Dejémoslo aquí. Nada cuesta admitir, en virtud de los acontecimientos y desde la perspectiva política, que la actividad más evidente de la judicatura en el año transcurrido ha estado dedicada a la limpieza de pocilgas. Y así está el aire del verano en el país. Por otro lado, tarde o temprano, el viento saltará de cuadrante, y cambiará la brisa, y alguna tarde inesperada nos sorprenderá el olor a galletas tostadas, a tenor de los cándidos emblemas sugeridos por aquel irrevocable espíritu del verano. Sin embargo, se me hace que algo no encaja en esa interpretación cíclica y cínica de los hechos, y es entonces cuando resulta sumamente enriquecedora la anécdota del ilusionista que contaba Michel Leiris.

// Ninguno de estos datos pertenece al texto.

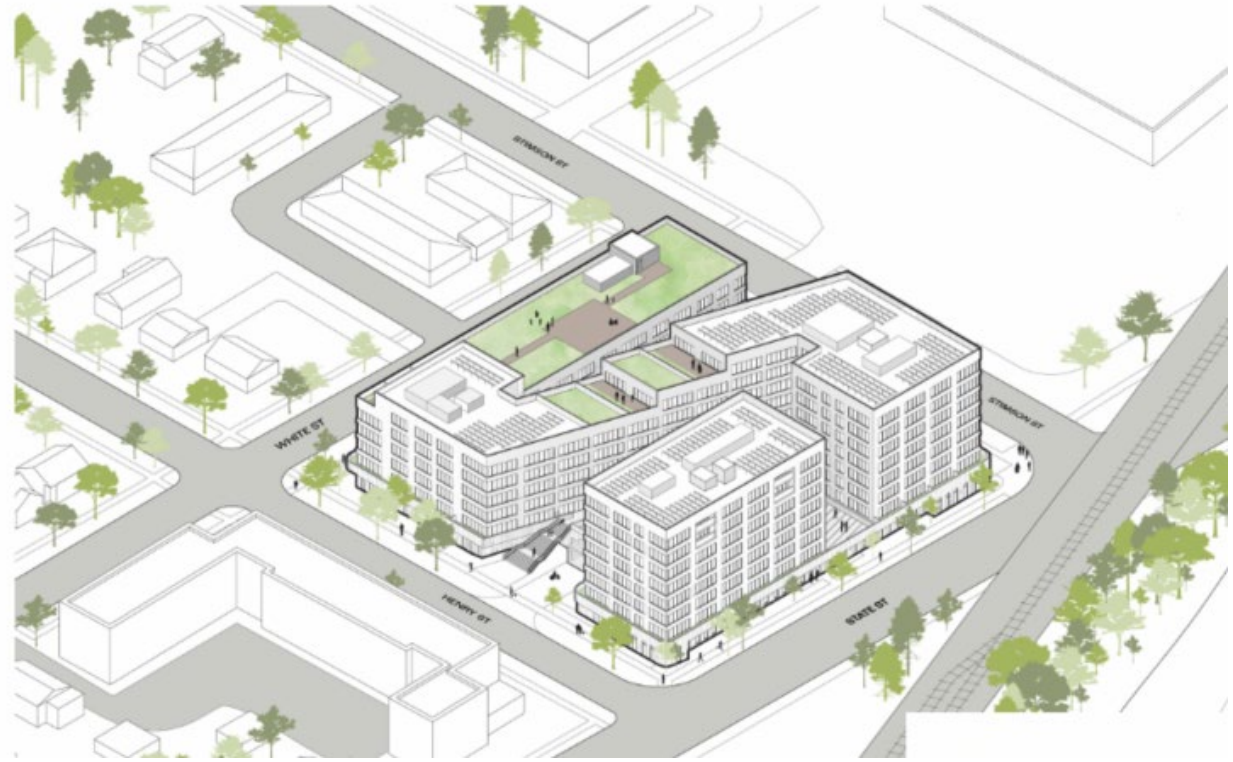
Figure 6 – Axonometric Site Layout (Henry/South State corner looking SE)

Sale a escena el juez Garzón con el mismo paso presto con que sube los escalones del juzgado. Corre a derecha e izquierda, se hunde en las cloacas del foro o avanza hacia las candilejas de los titulares. No para de extraer andrajos y cintas de colores de un sumario olvidado. Pronto exige la participación de personajes que se hallan entre el público. Unos acuden con guiños cómplices, otros remolonean, otros sólo acceden a participar en el número por la repetida insistencia del mago Garzón. Al cabo de algún tiempo el escenario se llena de una pequeña muchedumbre de colaboradores a los que el juez va cargando con los accesorios más heteróclitos: un bolígrafo, unos enormes bigotes postizos, un Mercedes 500, un radiocasete y un teléfono de payaso, una pesada caja con 100 pistolas (en un momento dado se escucha una detonación). Hay en las tablas un empresario, dos policías, un general, Segundo Marey (no el compositor de cumbias), un pregonero, un aparejador. Se viene abajo una parte del decorado. Sale de bastidores un ayudante y le carga en los brazos una barra de hielo al presidente del Gobierno. El público contempla atónito toda la exhibición. Y al cabo, cuándo la escena está empantanada y el país maltrecho, el juez cosecha los desconcertados aplausos de la asistencia levantando los brazos, con el mismo ademán que arrancaba ovaciones en las plazas de toros en mítines electorales. Cae el telón. El enigma está en saber dónde irá este hombre a representar su próximo número. Ahora que parece que la instrucción llega a su término, ¿qué hará el día después el juez Garzón?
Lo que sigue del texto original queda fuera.